# [MENTORSHIP] Identify Cellular Automaton Classes with Machine Learning

Posted 3 years ago
2207 Views
|
|
3 Total Likes
|

NOTE: The complete notebook of this post is attached at the end.

## Introduction

During the time while I worked on this project, I learned not only a great deal about cellular automaton, but machine learning algorithms in general. Before I started the mentorship program, I had the opportunity to participate in the Wolfram Mathematica Summer Camp in 2015. There I became extremely interested in Mathematica and machine learning. This was a mentorship project since the topic of cellular automaton is quite difficult to learn alone. So with the help of a mentor, I was able to learn more about cellular automaton as well as work hands on with them. Please see the attached file for all of the information. Thanks.

## Background Information

### Cellular Automaton

Cellular automaton are defined as mathematical models for complex natural systems containing large numbers of identical components with local interactions. Automaton consist of a lattice of sites, each with a finite set of possible values. These values, the value of each site, evolve synchronously in discrete time steps according to identical rules. Additionally, the value of each site is determined by the previous values of the neighborhood sites around it. Even though these automaton are simply defined, it has been shown that they can consist of complex behaviors.

### Classes of Cellular Automaton

Stephen Wolfram proposes a class system. This system has four different classes: class I, II, III, and IV. Class I is defined to have very simple behavior, and that almost all initial conditions lead to exactly the same uniform final state of the cellular automaton. Some examples of class I cellular automata are rules 0, 32, and 160.

Class II cellular automaton show many different possible final states, but all consist of a certain set of simple internal structures that must either: (1) remain the same forever, or (2) repeat every few steps. Examples of this class are rules 4, 108, and 250.

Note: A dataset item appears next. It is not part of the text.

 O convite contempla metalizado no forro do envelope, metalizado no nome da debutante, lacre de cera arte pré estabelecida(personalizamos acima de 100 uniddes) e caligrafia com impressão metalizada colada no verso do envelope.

Class III automaton have a more complex behavior. There seems to be an aspect of randomness, although triangles and other small-scale structures are seen at some levels. Examples are rules 22, 30, and 150.

Class IV involves a complex mixture of order and randomness. There are localized structures that are produced which seem fairly simple, but these structures move and interact in very complicated ways. An example of this class is rule 110.

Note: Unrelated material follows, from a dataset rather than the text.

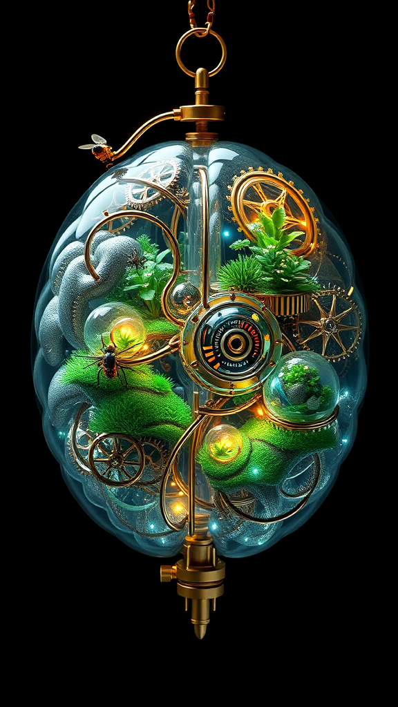 A 3D render of a sci-fi baroque concept design featuring an anatomically correct brain device, intricately integrated with a terrarium. This steampunk masterpiece showcases scientific precision with hyper-detailed components, including brass gears and glass tubes interwoven throughout the brain structure. The terrarium houses miniature ecosystems, with tiny plants and intricate landscapes nestled within the folds of the brain. Delicate clockwork mechanisms and glowing LED-like elements imbue the design with a photorealistic quality, reflecting light and shadows in mesmerizing patterns, while small, fluttering mechanical insects inhabit the complex interior, adding a touch of whimsy to the scientifically grounded creation.

## Part 1: Understanding the Behavior of all 4 Classes

Before creating a classifier, it is necessary to determine how to distinguish the 4 classes from each other. There are stark differences between classes 1 and 2, and classes 3 and 4. This difference is a mathematical difference so a test can be run on the automaton to check and see if it is class 1 or 2, or class 3 or 4. Examples of all 4 classes are shown below.

Image[CellularAutomaton[{32,{3,1},1},RandomInteger[2,400],400]/2]

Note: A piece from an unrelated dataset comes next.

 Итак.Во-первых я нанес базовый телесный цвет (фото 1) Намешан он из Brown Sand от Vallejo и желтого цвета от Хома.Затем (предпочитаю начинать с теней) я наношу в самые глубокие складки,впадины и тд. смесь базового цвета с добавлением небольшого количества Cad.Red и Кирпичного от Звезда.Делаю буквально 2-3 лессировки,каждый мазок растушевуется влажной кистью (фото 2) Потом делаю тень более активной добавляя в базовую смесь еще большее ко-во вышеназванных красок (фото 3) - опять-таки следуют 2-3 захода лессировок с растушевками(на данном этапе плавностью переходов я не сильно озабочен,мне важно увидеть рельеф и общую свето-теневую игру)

This is an example of a class 1 cellular automaton.

Image[CellularAutomaton[{4,{3,1},1},RandomInteger[2,400],400]/2]


This is an example of a class 2 cellular automaton.

Image[CellularAutomaton[{22,{3,1},1},RandomInteger[2,400],400]/2]


This is an example of a class 3 cellular automaton.

Image[CellularAutomaton[{110,{3,1},1},RandomInteger[2,400],400]/2]


This is an example of a class 4 cellular automaton.

The test created checks to see if the automaton has a set cycle where the pattern in creates repeats itself. The following code excerpt shows how the test was created.

CyclicNormalize[list_]:=Sort[Table[RotateRight[list,i],{i,Length[list]}]][[1]]
CyclicCylcingQ[list_]:=MemberQ[CyclicNormalize/@Most[list],CyclicNormalize[Last[list]]]
CyclicCylcingQ[{x_}]:=False
CyclicCylcingQ[{}]:=False

EvolutionClass[rules_,x_,t_]:=Module[{h,k=2,res=1},
If[MatchQ[rules,{_,_Integer,___}],k=rules[[2]]];
If[MatchQ[rules,{_,{_Integer,1},___}],k=rules[[2,1]]];
Catch[Do[
h=CellularAutomaton[rules,RandomInteger[k-1,x],t];
If[Not[Apply[SameQ,h[[-1]]]||CyclicCylcingQ[h]],Throw[res="3 or 4"]];
If[Not[Apply[SameQ,h[[-1]]]],res=2],{3}];res]]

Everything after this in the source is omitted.